South American flavor and Midwest ingredients might sound like strange bedfellows, and given the popularity of Sirena's neighbors—The Publican, Ing and Vera—Manion will have to really impress Chicago's tastebuds to put his name back on the packed dining radar. Would these ceviches and caipirinhas be enough to jog my memory?

Yes, you'll want a drink.
Once you've settled into your table, of which there are only 40 in the West Loop space that formerly housed breakfast-and-lunch spot Dodo, you'll want to order a drink. That's not only because the well-dressed, gregarious types at the bar genuinely look like they're having a great time, but because the cocktails are unlike anything else you can sip in the West Loop. Beverage director Justin Anderson, formerly of Branch 27 and The Bedford, proves he can stir up both classic and creative drinks that riff on the South American inspiration. I could almost smell The Cusco Cup ($10) before I tasted it, with big, fresh cucumber, lemon and ginger scents that are bolstered by a distinctive, bitter bump of Fernet Branca.

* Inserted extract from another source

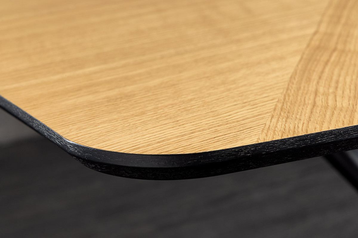 A markáns matt fekete fém lábak modern kontrasztot alkotnak a fa természetes tónusaival, egyszerre biztosítva stabilitást és karakteres megjelenést. A részletekben rejlő precizitás, a gondos megmunkálás és az arányos formavilág teszik a GRANDEZZA asztalt a tökéletes központi elemmé bármely elegáns otthonban.

Even familiar faces like a pisco sour ($10) taste new here, as the balance of all the components—pisco, perfectly frothed egg whites, citrus juice and bitters—made me regret most of the pisco sours I'd had before this one. A tight and affordable wine list is more global than I expected, with a number of bottles from Italy and Germany, but with a dozen-plus cocktails on the menu, I couldn't resist sticking to all things shaken and stirred.

Carnivale this is not.
Diners familiar with the expansive, bright dining room of Chicago's other Nuevo Latino West Loop restaurant, Carnivale, will find its opposite in La Sirena Clandestina. Dark and rustic, mysterious and sexy, Sirena still feels energetic, especially once the dining room fills and it's two bodies deep at the bar after 7 p.m. It's a simmering energy, though, like a sky crackling with electricity before the lightning strikes. Plenty of daters are making the most of the moody ambience.

Hey, this menu's tiny!
There are only a handful or so street food-inspired starters (de la calle) and a half-dozen home-style main courses (de la casa) on the menu, but Manion said he plans to add more dishes this week, always keeping his eye on which ingredients are fresh and available. "Fresh" was the first word on my lips once I finally stopped scooping up mounds of swordfish ceviche ($10), whose large, rustic chunks of mild fish soak up tangy citrus and reached my mouth via an addictive house-made saltine cracker. The night of my visit, a whole branzino ($30) was on special, and my date had to watch me grapple with a few bones as I savored the flakes of moist, simply seasoned bass. I was glad for the generous size of the fish, since I wasn't as thrilled by the tough, slightly dry rabbit skewer ($18). Luckily, Manion plans to add a whole grilled fish to the permanent menu because it's a dish that's so evocative of South America. "When I think about food in Brazil, it's really simply prepared seafood. It's a guy on a beach with charcoal grilling fish or shrimp with just a sauce," he said.